There are, finally, certain positive mistranslations in the King James Version. "Let him be Anathema Maranatha" (I. Cor. 16:22) is a strange blending of Greek and Aramaic, of curse and promise. Ignorance of the terse Aramaic expression Maran-atha ("The Lord comes"; or Marana-tha, "Come, Lord!") has converted a touching watchword of the early church into a meaningless appendix to the apostolic curse. The measures taken by the mariners in Acts 27:40 are quite misrepresented in the King James; it was the anchors, not themselves, that they committed to the sea. "Almost thou persuadest me to be a Christian" (Acts 26:28) is hardly a mistranslation; but it has at least lent itself to misunderstanding and misuse.
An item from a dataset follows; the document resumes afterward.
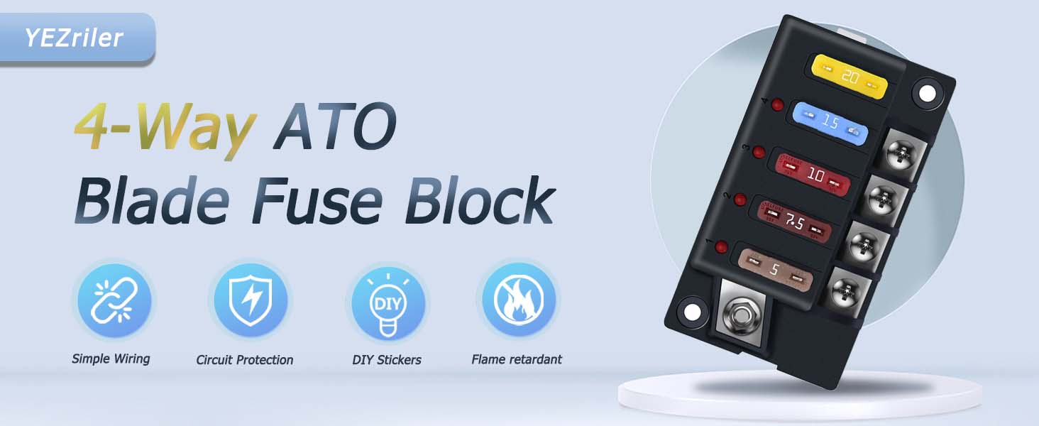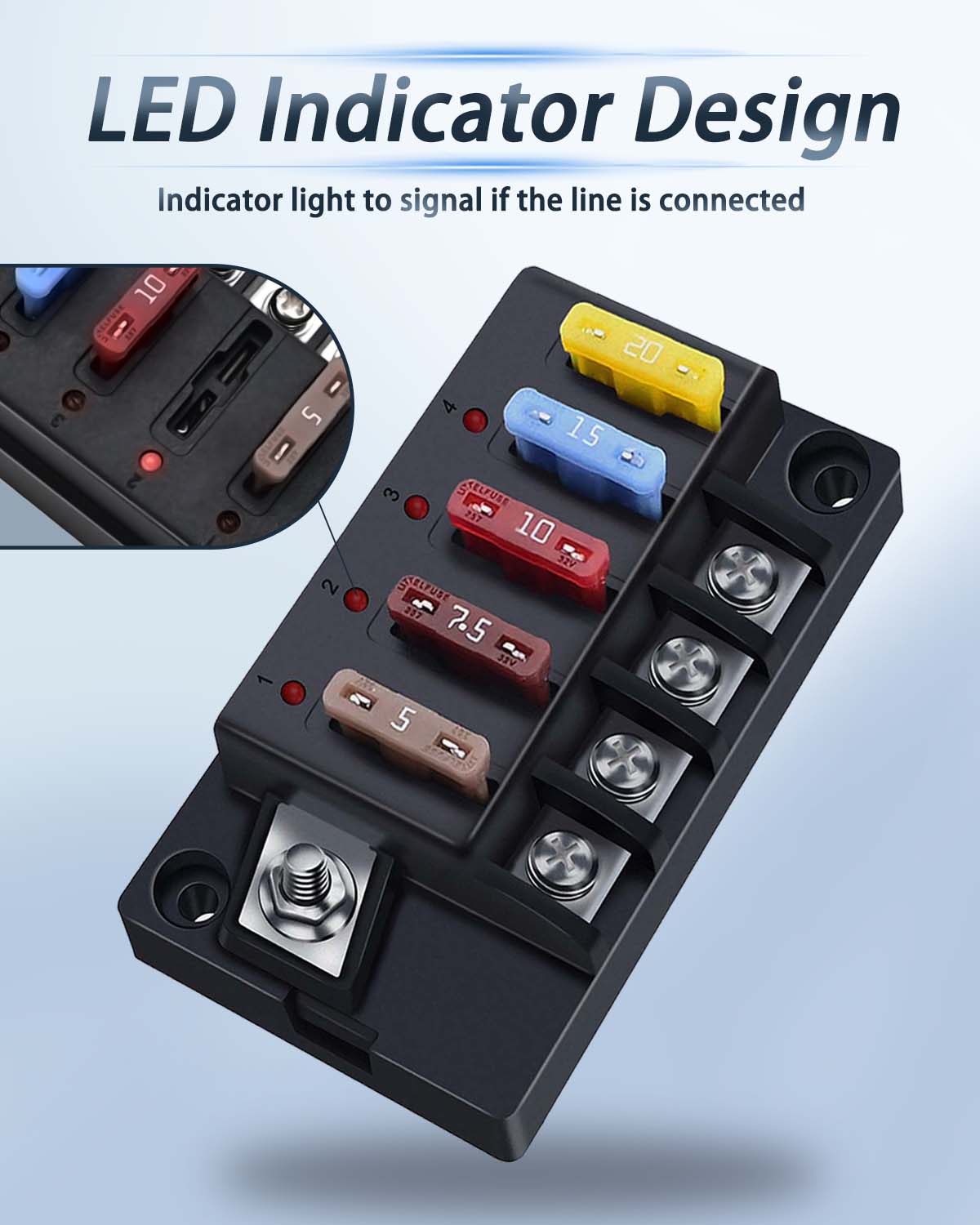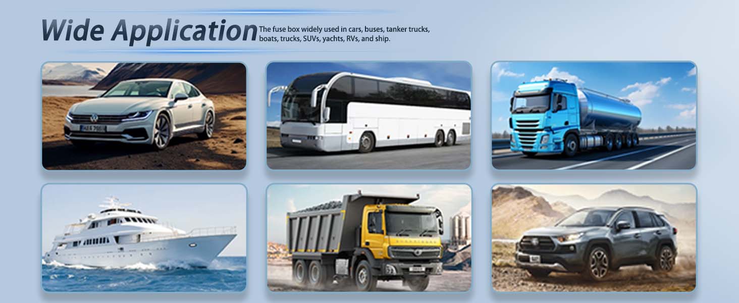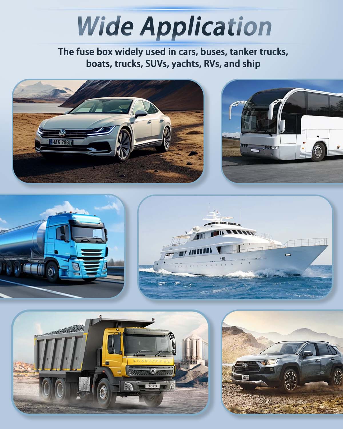 - APPLICATIONS - This 4-circuit fuse box is widely used in cars, trucks, boats, tankers, ships, SUVs, yachts, RVs, vans, boats, and more. Each fuse of the fuse box can be connected to any appliance circuit. For example car dome lights, car headlights, wide lights, fog lights, warning lights, car refrigerators, car chargers and car fans, car TVs, etc.

In I Cor. 13:1 the apostle's metaphor, "I am become sounding brass," has been altered to a simile: "I am become as sounding brass." The expressions "men and brethren" (Acts 13:26; 23:1; 28:17) and "Men, brethren and fathers" (Acts 22:1) misrepresent the force of ANOPES with ADELFOI or ADELFOI KAI PATERES; where, as in ANOPES 'AQHNAIOI, ANOPES imparts a certain courtesy and dignity to the address, but is hardly capable of separate translation.
But it is a needless and a thankless task to point out further small defects in a work so intelligently and thoroughly done. Certainly Greek lexicography and syntax are better understood in 1911 than they were three centuries ago. The genetic study of syntax, with its roots in Sanskrit and its ramifications in Latin and in Byzantine and Modern Greek, has brought substantial results to New Testament study and promises still more. The reduction of classical, biblical, and patristic vocabularies to accessibility through concordances and indices, so fundamental for a scientific lexicography, brilliantly undertaken by Estienne (Stephanus) in the sixteenth century, has only in the last generation been seriously resumed and is hardly more than under way. The papyri and inscriptions are only beginning to be largely drawn upon for biblical research. Without such method and materials in syntax and lexicography it is not strange that the King James translators sometimes stumbled. Rather, it is wonderful that they achieved a version so apt, precise, and lasting.